Em Timor, os líderes entraram literalmente em retiro e só deverão sair dessa espécie de transe político depois do fim-de-semana, por imposição do presidente Ramos-Horta, que decidiu dar um prazo apertado a Alkatiri e Xanana – os dois grandes adversários saídos das eleições legislativas de 30 de Junho – para se entenderem quanto à formação do novo governo. A Fretilin e a aliança pós-eleitoral liderada pelo CNRT de Xanana Gusmão têm até segunda-feira para selarem um acordo e irem juntos para o poder ou, caso contrário, terão de se sujeitar ao livre arbítrio de Ramos-Horta.
O presidente decidiu que vai escolher no início da próxima semana quem irá estar à frente dos destinos do país nos próximos cinco anos e está determinado em dar posse ao futuro executivo a 1 de Agosto, qualquer que seja o desfecho das tentativas de diálogo entre os dois rivais.
Ramos-Horta diz estar “prudentemente optimista”, nesta altura, sobre a capacidade de entrosamento entre o partido vencedor das legislativas (Fretilin, com 29%) e o segundo partido mais votado (CNRT, com 24%), que assegurou a maioria parlamentar após uma coligação feita com o PD (Partido Democrático), a ASDT (Associação Social-Democrata de Timor) e o PSD (Partido Social-Democrata).
O presidente timorense tem sido o maior entusiasta de um governo de inclusão que junte no conselho de ministros as formações de Alkatiri e Xanana. “Essa é a leitura que eu faço do resultado destas eleições.
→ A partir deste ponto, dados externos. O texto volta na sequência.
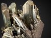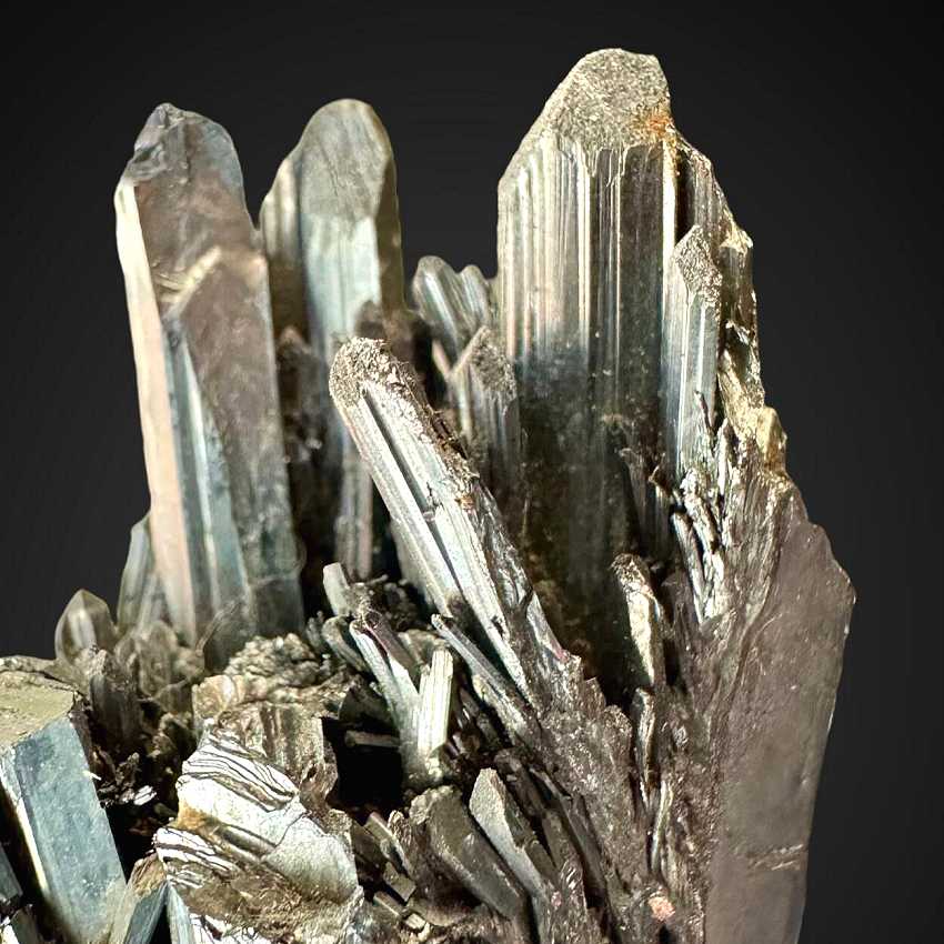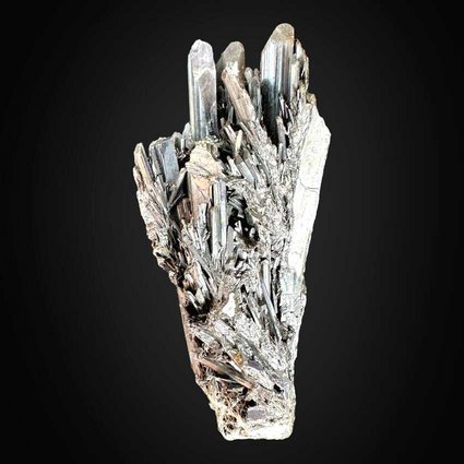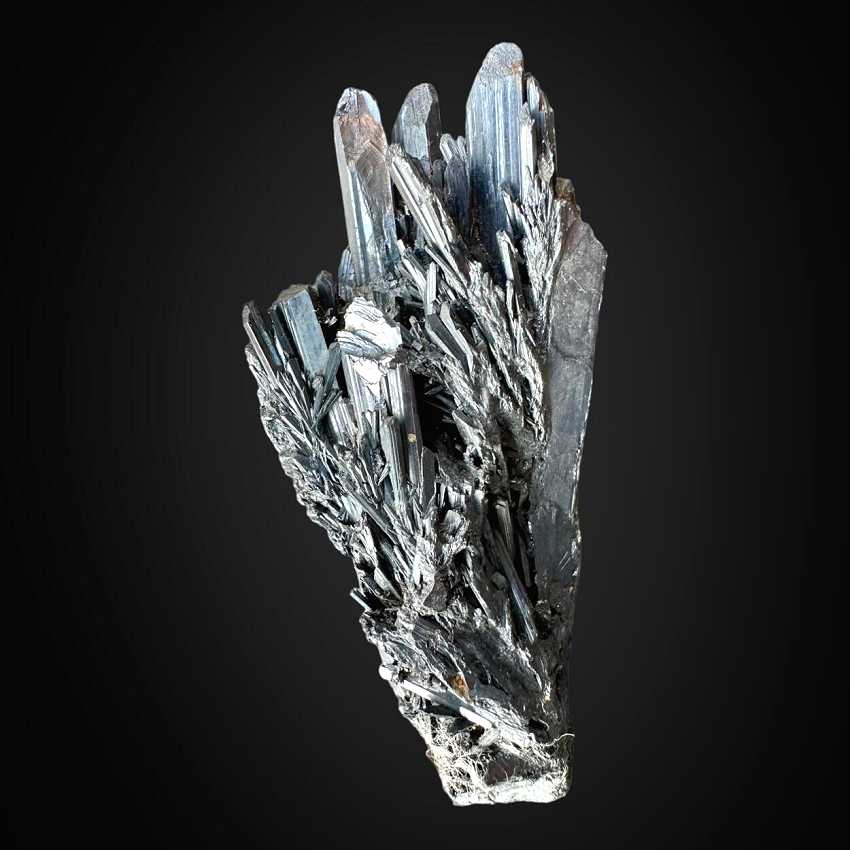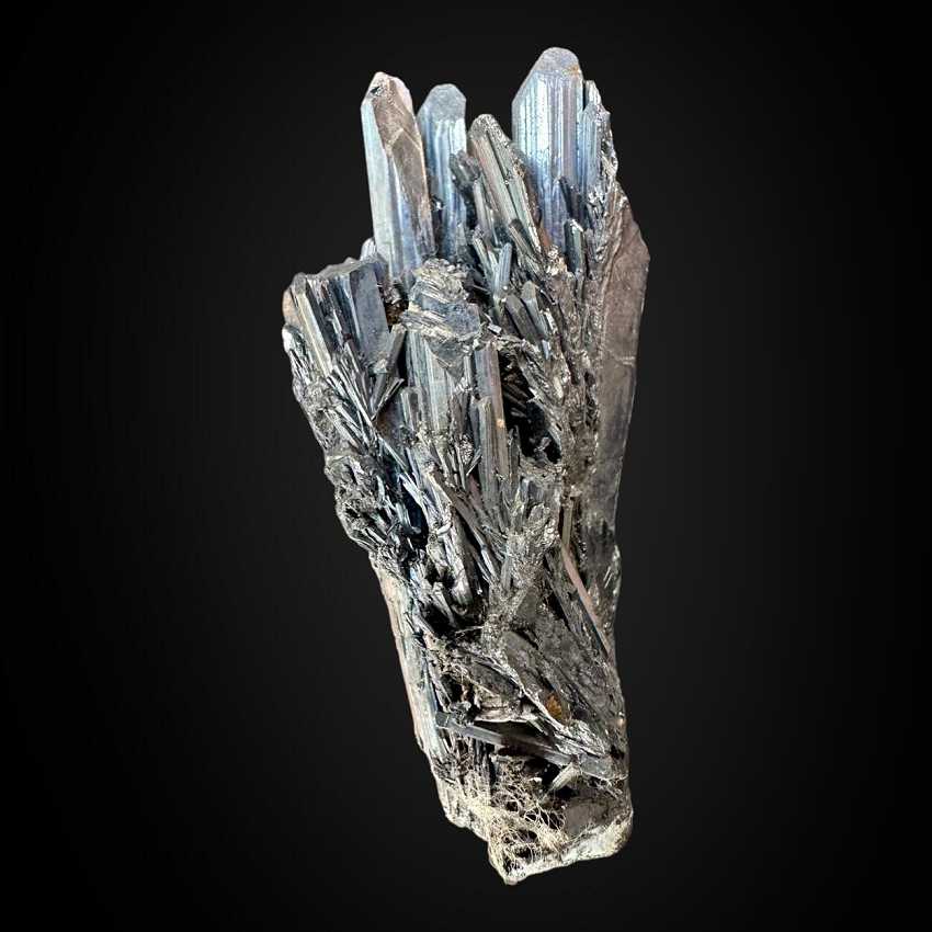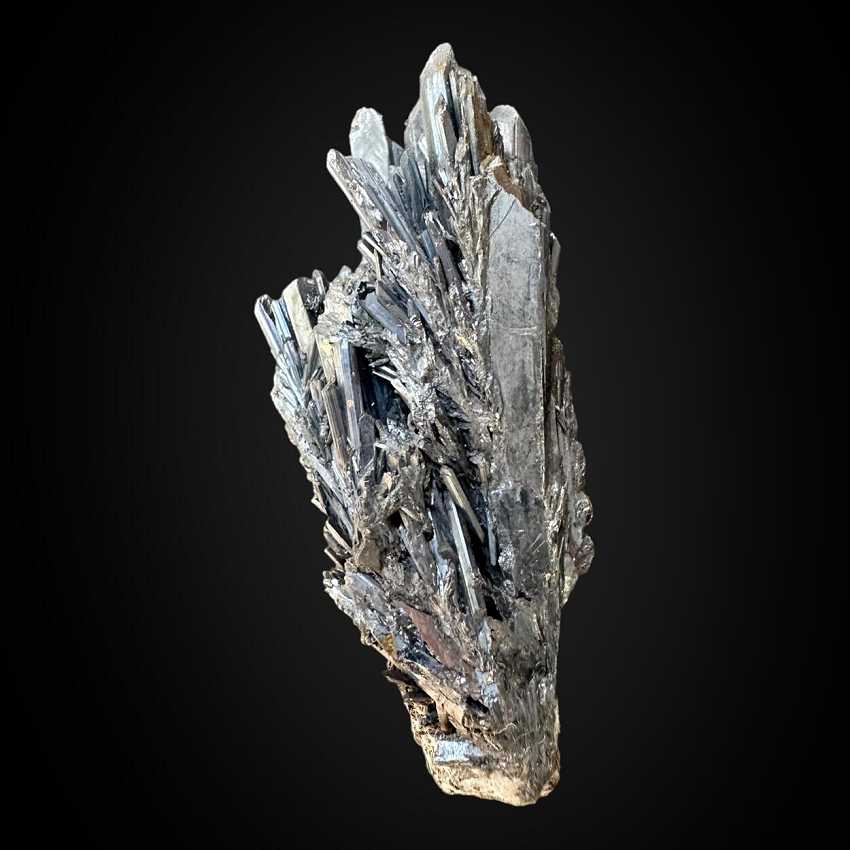 Baia Sprie Mine, Baia Sprie, Maramureș County, Romania - A small group of divergently formed steel like crystals of stibnite. The main crystals show typical Baia Sprie spear like terminations. Overall size is 5.4 × 2.5 × 1.6 cm. Weight is 35 gr
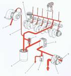 1、機油泵2、限壓閥3、機油散熱器4、濾清器旁通閥5、機油濾清器6、增壓器輸油管7、增壓器回油管8、活塞冷卻噴嘴9、機油泵惰輪

E das mensagens que tenho recebido do povo, às centenas, não há uma única que não aponte para um governo de inclusão. Nenhuma outra solução é capaz de garantir a estabilidade do país”.
Líderes em reflexão
Na quinta-feira, todos os líderes dos partidos que ganharam lugares de deputado nas legislativas recolheram juntos ao convento de Dare, nos arredores de Díli, para um dia intenso de reflexão e confrontação, saindo de lá com tudo ainda em aberto. Segundo relatos feitos ao Expresso, a manhã foi dramática. Xanana Gusmão fez um discurso de quase uma hora com acusações sobre a má governação da Fretilin, terminando com a recusa de qualquer hipótese de acordo. Quando se calou, Alkatiri e Lu-Olo, o secretário-geral e o presidente do partido, responderam à letra. Foi preciso esperar pela tarde para o ambiente ficar mais descontraído, abrindo espaço para o CNRT de Xanana readmitir a possibilidade de um governo de inclusão.
No retiro de Dare, além da notória fragilidade das relações entre Alkatiri e Xanana, houve um outro sinal evidente sobre o mal-estar provocado pelos encontros promovidos pelo presidente: Mário Carrascalão, presidente do PSD, não compareceu. As operações de charme em torno do antigo governador de Timor parecem não ter resultado.
Se a aliança de Xanana avançar para um namoro de conveniência com a Fretilin, o mais provável é o PSD bater com a porta. E aí, num governo onde quase toda a gente estará dentro e quase ninguém estará fora, restará afinal alguém para cumprir uma das práticas mais saudáveis em democracia: oposição.